I took this from the window of Ian’s apartment. I then turned about 30 degrees to the left and took this:

Both of these pictures show part of a residential section of Shanghai. Now on the famous section, the Bund.

Shanghai was populated by westerners from about 1850 until the early 1900s. As a result you’d probably be able to mistake sections of the riverfront architecture for some European city.

The Bund is right along the ‘Pu’ river. The city is divided into the old and new sections of Pu Xi and Pu Dong. Since ‘xi’ means ‘west’ and ‘dong’ means ‘east’ I am assuming that the Bund is on the west side of the river. The Deloitte offices are about 3-4 blocks behind these buildings.

Meg, Ian, and I then took a very surreal ride under the river. My pictures didn’t turn out but just trust me on this…strange. Anyway, we proceeded to head up to the Grand Hyatt in Pu Dong and used the windows in their restaurant to take in the size of Shanghai.

Apparently it is this way to the ocean.
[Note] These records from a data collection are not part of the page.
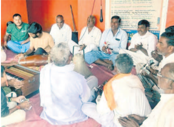
భజనలో పాల్గొన్న భక్తులు

భీంపూర్, జనవరి 21: అయోధ్యలో బాలరాముడి ప్రాణప్రతిష్ఠా సేవధ్యంలో సోమవారం భీంపూర్ మండలం కంజలి (టి), అల్ల (టి), అంతర్గాం రాములయాలు సహా నివాసి, పిల్లకోటి ఉట్టూర్, జనవరి 21: ఉట్టూర్ మండలం కేంద్రంలోని అంగడి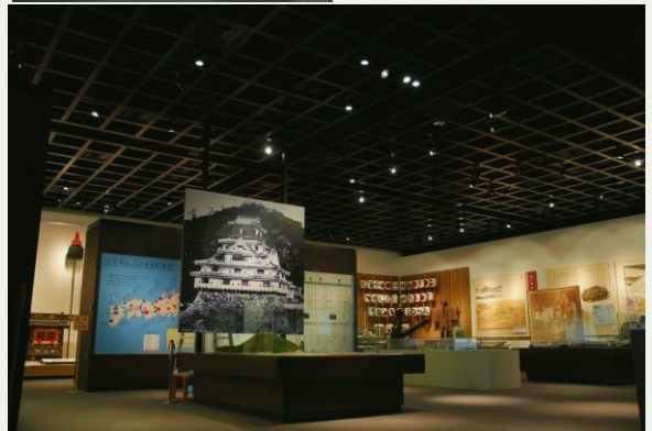
萩の歴史・自然・民俗・文化を展示。ファン必見！高杉晋作資料室も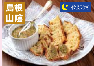
境産鯖と季節野菜のリエット バケット添え

I wouldn’t really know because unlike Beijing I had a tough time keeping track of directions.

Meg, me, and Ian in ghost mode. If I remember correctly (and I probably don’t) the GM headquarters are in that shiny building in the middle.
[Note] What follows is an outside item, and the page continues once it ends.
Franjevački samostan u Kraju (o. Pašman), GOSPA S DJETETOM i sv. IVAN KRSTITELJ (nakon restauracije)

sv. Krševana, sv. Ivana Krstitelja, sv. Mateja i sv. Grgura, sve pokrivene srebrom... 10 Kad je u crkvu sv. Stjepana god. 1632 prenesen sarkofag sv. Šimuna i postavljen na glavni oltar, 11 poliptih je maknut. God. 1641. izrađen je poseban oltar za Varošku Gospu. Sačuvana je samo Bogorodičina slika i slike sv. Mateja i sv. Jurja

When I looked down from the Hyatt I could see they were building a new building which I thought was pretty cool from this angle. I also just read that Shanghai is sinking like Venice (apparently about 9mm a year). So the skyscrapers are built on giant concrete rafts.

We needed the famous skyline photos right? The tall pointy building in the back right is where the pictures above where taken. The hotel starts on floor 55.

I tried to get George Jetson as he flew by but couldn’t take the picture quickly enough. So this Chinese dude said he’d be in the picture.

Detroit in the house.
The Shanghai taxis have the NYC style taxi info posted behind the driver in both Chinese and English. I found the following two translations of the same section to be quite enjoyable.

My favorite sign so far. You may have to download this picture and zoom in but make sure you read rule #2. #4 amused me as well.

Same section different taxi company.